After TFI, Rodriguez started studying finance because he always wanted to be good with money. However, by coming to know himself better through community support, he shifted his focus to supply chain management and fashion.

“Figuring out a career path is so hard,” Rodriguez says. “I chose supply chain management because it can be practical knowledge for running a business in any industry and because I saw how Covid hit the supply chain so hard, and I know that field needs good people."

And he's still remaining open. He's interning with a cosmetics brand, serving as a liaison for a modeling agency, serving as a treasurer for the Coalition of Activist Students Celebrating the Acceptance of Diversity and Equality, and volunteering as a member of a professional business fraternity.

With all of that on his plate, Rodriguez hopes to work for a fashion company with sustainable supply chain management. But that doesn’t mean his career in finance is over.

“I wanted to pursue finance because of my goal to make it out, but having learned about it, I also want to teach people about financial literacy,” Rodriguez says. “I'm coming from a low-income neighborhood, so I want teaching finance to be a way to give back to my community.”

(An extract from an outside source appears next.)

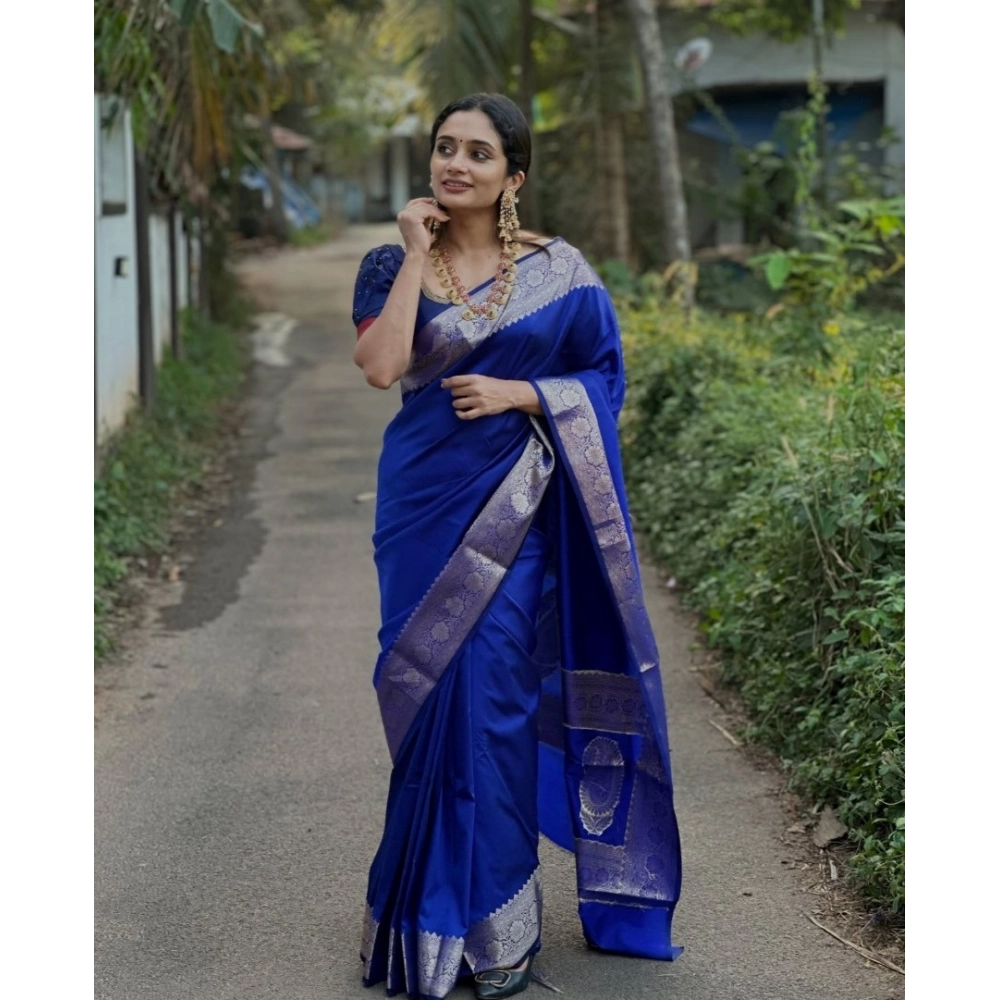 Generic Women’s Silk Woven Kanjivaram Saree With Unstitched Blouse (5.5Mtr, Blue)

“I believe this commitment to helping others is a result of his innate character and the influence of TFI, which instilled in him the importance of leadership through service,” Courtlandt says. “Throughout his time in the program and beyond, Hanson has demonstrated a genuine desire to uplift others as he continues to grow himself, and that is emblematic of TFI’s mission.”

As for Rodriguez, he credits TFI for helping him break out of his shell. “TFI helped begin the molding process for who I wanted to become,” Rodriguez says. “It made me more comfortable with being uncomfortable, and it gave me the chance to better understand myself and become more confident.”

The opinions, findings and experiences expressed in this article are those of the interviewee and do not necessarily reflect the views of JPMorganChase or any of its affiliates. They may not be representative of all perspectives or of results that other Program participants may achieve. Neither JPMorganChase nor any of its affiliates are liable for any decisions made or actions taken in reliance on the testimonial information provided.